▶ _About this exercise_
Below, locate the line that contains "一体 マフラー 男の子". Repeat exactly from that line to the line that contains "Snažan električni roštilj", inclusive, leaving out the pictures.

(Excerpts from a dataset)
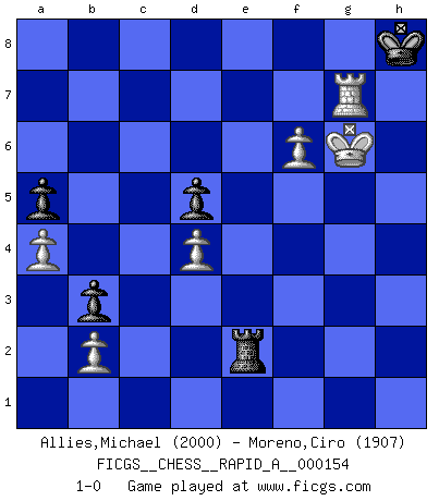 Last move : 1-0 2014 May 23 2:21:38 [Event "FICGS__CHESS__RAPID_A__000154"] [Site "FICGS"] [Date "2013.12.25"] [Round "1"] [White "Allies,Michael"] [Black "Moreno,Ciro"] [Result "1-0"] [WhiteElo "2000"] [BlackElo "1907"] 1.e4 c5 2.c3 g6 3.Nf3 Bg7 4.d4 cxd4 5.cxd4 d5 6.e5 Bg4 7.Bb5+ Nd7 8.O-O a6 9.Be2 e6 10.Bg5 Qb6 11.Nc3 Bh6 12.Na4 Qa7 13.Be3 Bxf3 14.Bxf3 Bxe3 15.fxe3 b5 16.Nc3 Ne7 17.Qd2 O-O 18.a4 b4 19.Ne2 a5 20.Rac1 Rac8 21.Nf4 Rxc1 22.Rxc1 h5 23.Qf2 Rc8 24.Rf1 Nf5 25.g4 hxg4 26.Bxg4 Qc7 27.Bxf5 gxf5 28.Qg3+ Kf8 29.Nh5 b3 30.Qg7+ Ke7 31.Qg5+ Kf8 32.Rf2 Qd8 33.Nf6 Nxf6 34.exf6 Qd6 35.h4 Rc1+ 36.Kg2 Ke8 37.h5 Rc2 38.Qh4 f4 39.Qxf4 Qxf4 40.exf4 Kf8 41.Kf3 Kg8 42.Rg2+ Kh8 43.Rg7 Rh2 44.Rxf7 Rxh5 45.Kg4 Rf5 46.Re7 Rxf6 47.Kg5 Rf8 48.Rxe6 Rf7 49.Rh6+ Kg8 50.Rg6+ Kh7 51.f5 Re7 52.f6 Re2 53.Rg7+ Kh8 54.Kg6 1-0 Sicilian : Alapin's variation (2.c3) Kingside Castling by player White (move 8) Kingside Castling by player Black (move 17) Player White won this chess game. Follow this game move after move (download)I prefer to lose a really good game than to win a bad one. (David Levy) Schach ist ein schwarz-weisser Dschungel. (Garry Kasparov) Tu cuerpo tiene que estar en óptima condición. Tu Ajedrez se deteriora como lo hace tu cuerpo. No puedes separar la mente y el cuerpo. (Bobby Fischer) Les ravages du H expliquent la différence de niveau entre Tal et Thal [Abergel]. Don't be discouraged. It's often the last key in the bunch that opens the lock. (Author unknown)
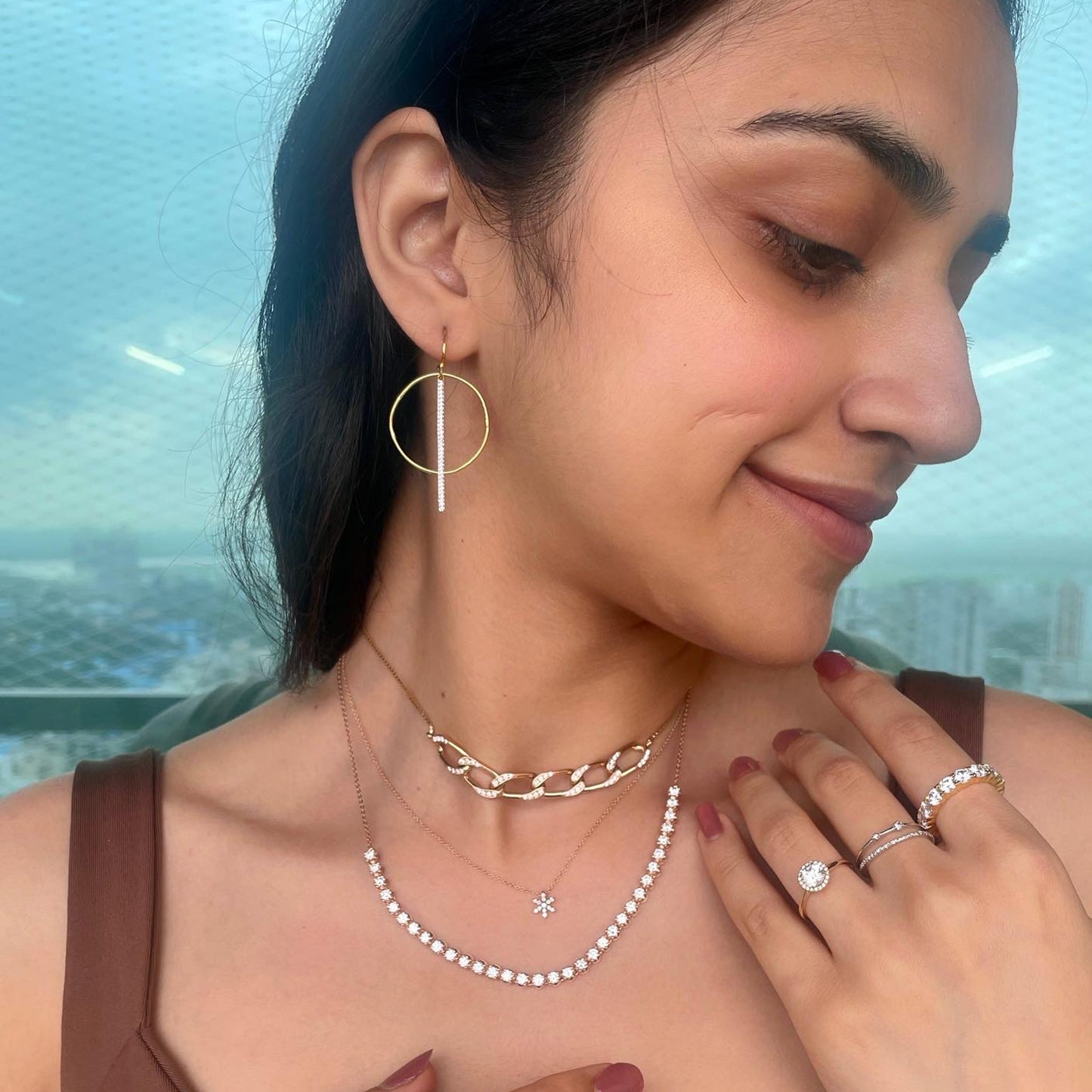 0.70 TCW Round Moissanite Diamond Floral Pendant Necklace in Solid Gold
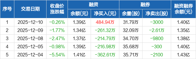 陕西黑猫:融资净买入484.94万元,融资余额1.39亿元(12-10)
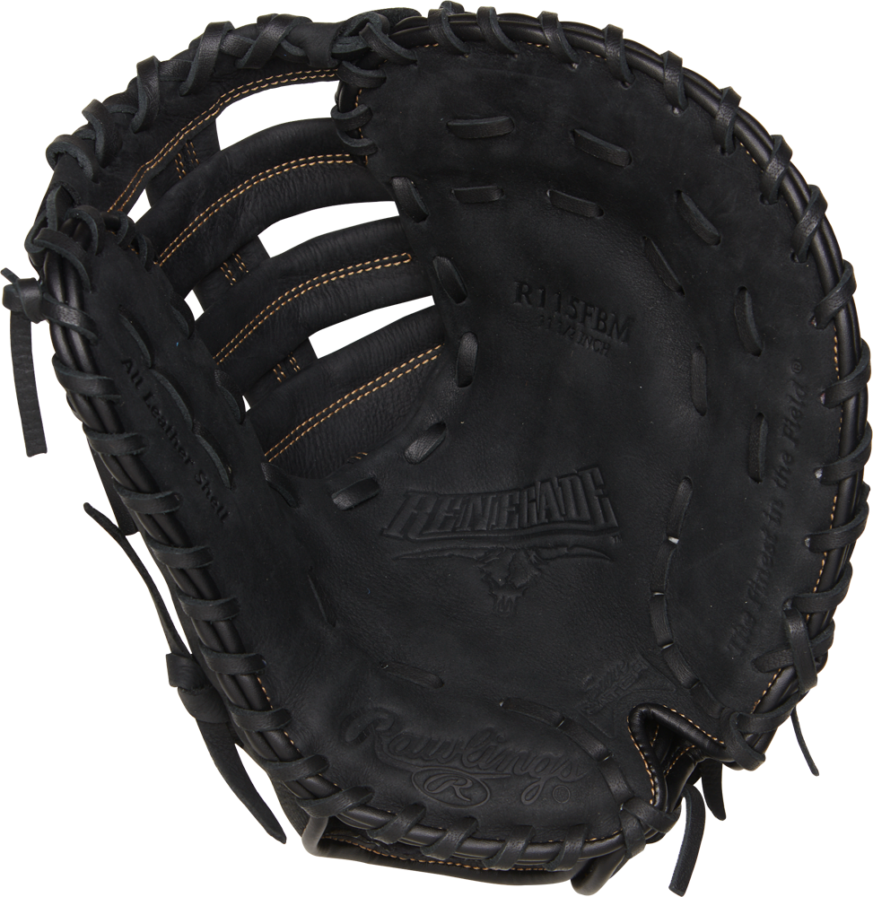Rawlings introduces the R115FBM Youth First Base Mitt, designed for the young player that is getting his first tries at first base. The Mitt offers an 11 1/2\" length that many players already know from their Fielding Glove – but with the benefits of a Mitt. The half moon cut increases the catching surface and makes it easier to “scoop” short throws at first base. Pre-oiled Full Grain Leather provides a durable frame, a sure catch notch reduced the hand strength required to squeeze the Mitt. The catching hand sits in an open back for maximum range of motion. An index- and palm pad provide extended hand protection.
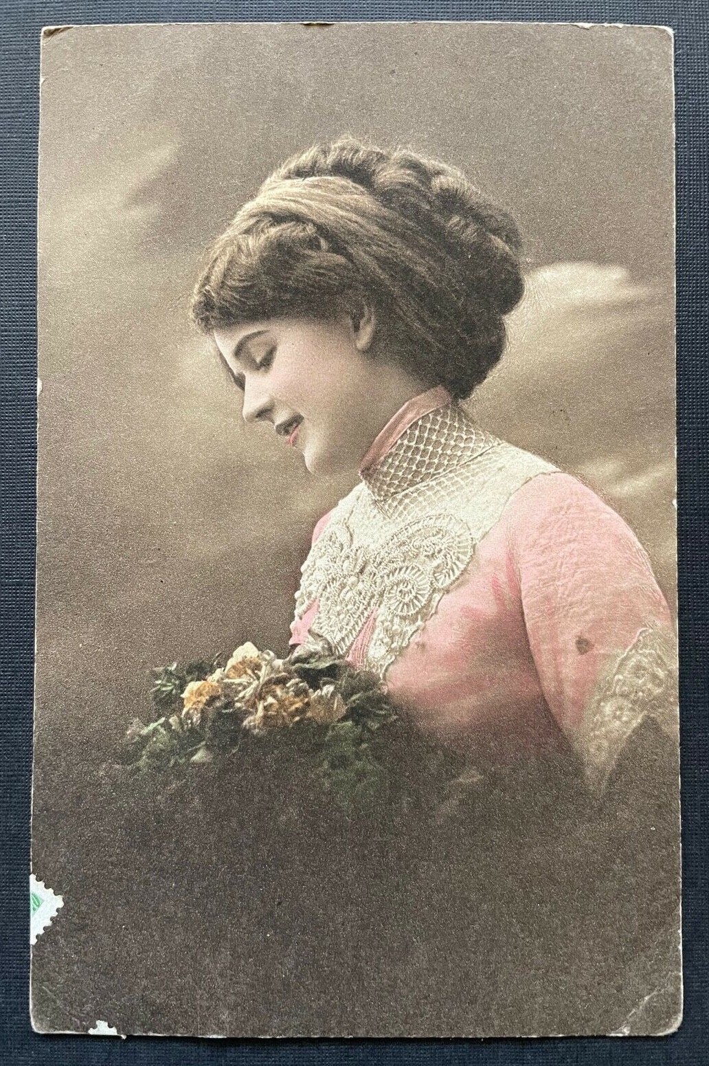 Porträt Frau Mädchen Kleid Tracht geflochtene Haare Zopf Blumenstrauß 400379 F
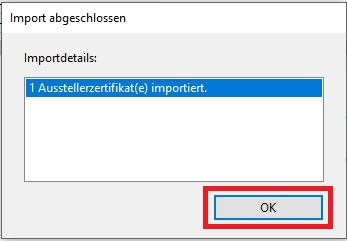 Wählen Sie links die Kategorie Vertrauenswürdige Zertifikate aus und klicken Sie dann oben in der Leiste auf das Symbol zum Importieren (blauer Pfeil nach links):
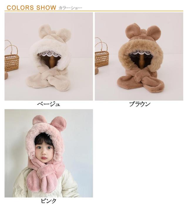 一体 マフラー 男の子 くま キッズ 冬 ベビー 保育園 熊耳 防寒 もこもこ ボア 子供 帽子 女の子 一体型帽子 マフラー 子供 子供服 付き 帽子 おしゃれ 帽子 ふわふわ キャラクター フードウォーマー 子ども こども
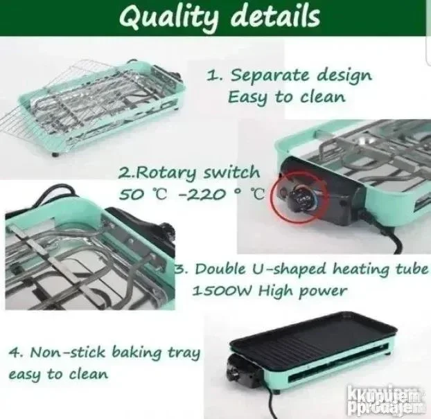 Snažan električni roštilj bez dima od 1500W za savršeno grilovanje u kući i van nje.
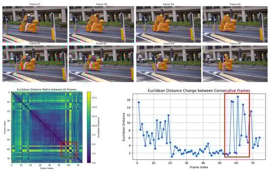 Visualization of relationship between the object pointer and generated mask of SAM2 for specific video frames from the DAVIS dataset by cosine similarity matrix (left) and distance graph (right). The red frame marks around frames 57–64.
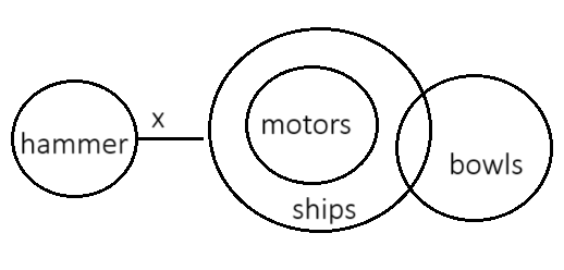(III) Some bowls are not hammers.(True because Some ships are bowls and No ship is a hammer.)

▶ _Result of this exercise_
 一体 マフラー 男の子 くま キッズ 冬 ベビー 保育園 熊耳 防寒 もこもこ ボア 子供 帽子 女の子 一体型帽子 マフラー 子供 子供服 付き 帽子 おしゃれ 帽子 ふわふわ キャラクター フードウォーマー 子ども こども
 Snažan električni roštilj bez dima od 1500W za savršeno grilovanje u kući i van nje.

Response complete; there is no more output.